What you are viscerally experiencing with Cosmos politics is the very incarnation of the Byzantine General’s problem writ large. You have 3 generals. One can be downright compromised, but as long as the other 2 are not, the collective can continue to make progress toward The Destination. You may incur liveness faults on the way but you’ll get there in spite of it.
If one party sings the siren’s call of coin price go UpOnly and is willing to get it done at any cost, and you find the cost tradeoff worth the potential upside, then the rational thing to do is to join that party. To catch you up to speed in case you didn’t follow Atom 1.0 vs Atom 2.0 — you would be an Atom 2.0 Party proponent.
If, on the other hand, you yearn for a more perfect world and got involved under the pretense that Cosmos could reasonably solve real world problems and are unwilling to compromise on long-term results in exchange for short-term solutions — and you’re still here — then the rational thing to do is to join the Atom 1.0 Party, or the Republic of the Cosmos Hub.
If neither of them represents your values, goals, or vision, then you’re free to start your own party. Else, if you align with the ideological bedrock of one of the primary parties but want to run with a new platform, then you’re free to run for a position to lead that party for 4 years to execute that vision.
I’ve written a draft proposal introducing the idea of using Hub governance to impose checks and balances over whichever entity is charged with funding public goods. I encourage you to give it a read.
Parties can fork off.

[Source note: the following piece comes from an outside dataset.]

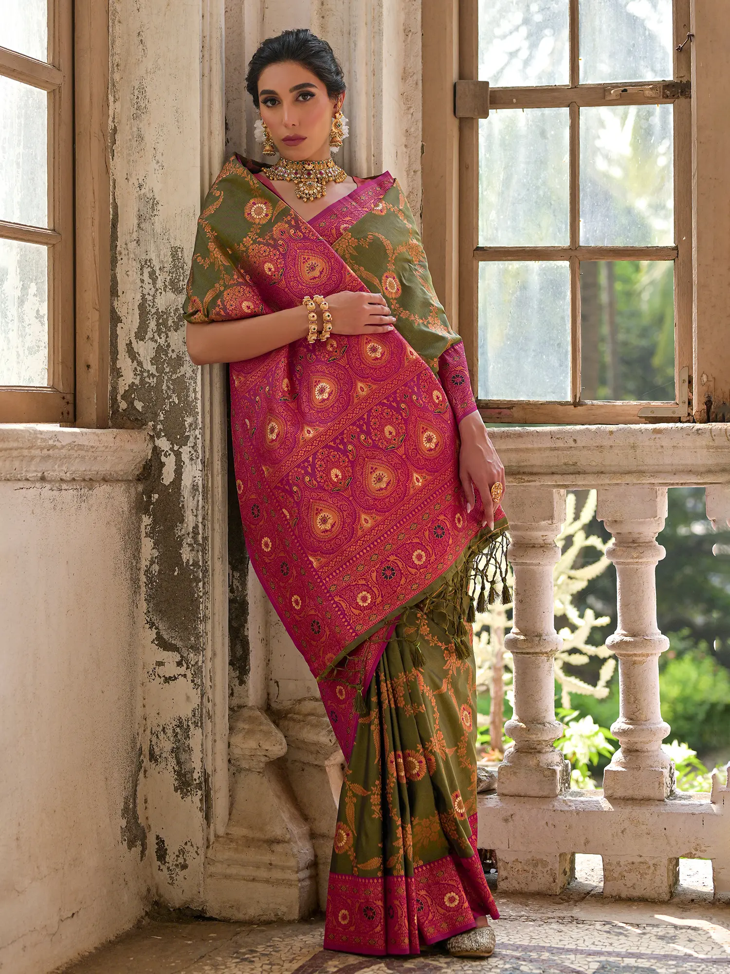 Banarasi Saree with All-over Zari Woven Bootis and Floral Vine Contrast Border-Pallu

Streamlined exit games are an inherent property of Cosmos by design. The point here is to wield the Cosmos Hub as the most distributed, thus fair, tool to operate an AEZ-wide voting system through which signal can be reasonably filtered.
“But muh Atom has no utility.”
If Cosmos Hub evolves into the Supreme Court of the AEZ, that makes Atom your right to vote. That is the ultimate utility.

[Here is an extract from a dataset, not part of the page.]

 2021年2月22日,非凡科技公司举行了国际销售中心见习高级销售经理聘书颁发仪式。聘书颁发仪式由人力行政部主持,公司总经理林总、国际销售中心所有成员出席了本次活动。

Democracy is a beautiful thing. You’re engaging in a modern day social experiment the likes of which 17th century N. Americans underwent in the 13 Colonies.
We’re still early.
Governing without the Consent of the Governed
There’s a value extraction playbook that can be implemented by any wily insider in order to corner a L1 ecosystem, provided he/they has /have either direct control or control-by-proxy of the following power trifecta:
- the Foundation treasury,
- the authoritative socials/platforms for discourse, and
- the implied perception that your success in the ecosystem depends on being grandfathered in by splitting a significant slice of your equity/token allocation to the insider.
Even if success in reality is independent of 3, belief in that perception alone becomes a self-fulfilling prophecy. The downside of this model is that the rest of the community doesn’t share in the upside and there’s a clear incentive for the ones doing the cornering to actively and anti-competitively keep outsiders out, lest the latter pay their due social tax. The elephant in the room is that virtually everyone who has their toes in such an ecosystem knows this is happening but no one is willing to articulate it. Intuitively, you just get a “bad vibe” but the source remains obfuscated behind shadow games you aren’t privy to.
So Where Do You Go From Here?
If you’ve made it this far, you probably give enough of a f* about Cosmos such that you won’t be abandoning your post. You’re being called to wield the power of Cosmos onchain governance to enact the change you want to see in the world. What will you do about it?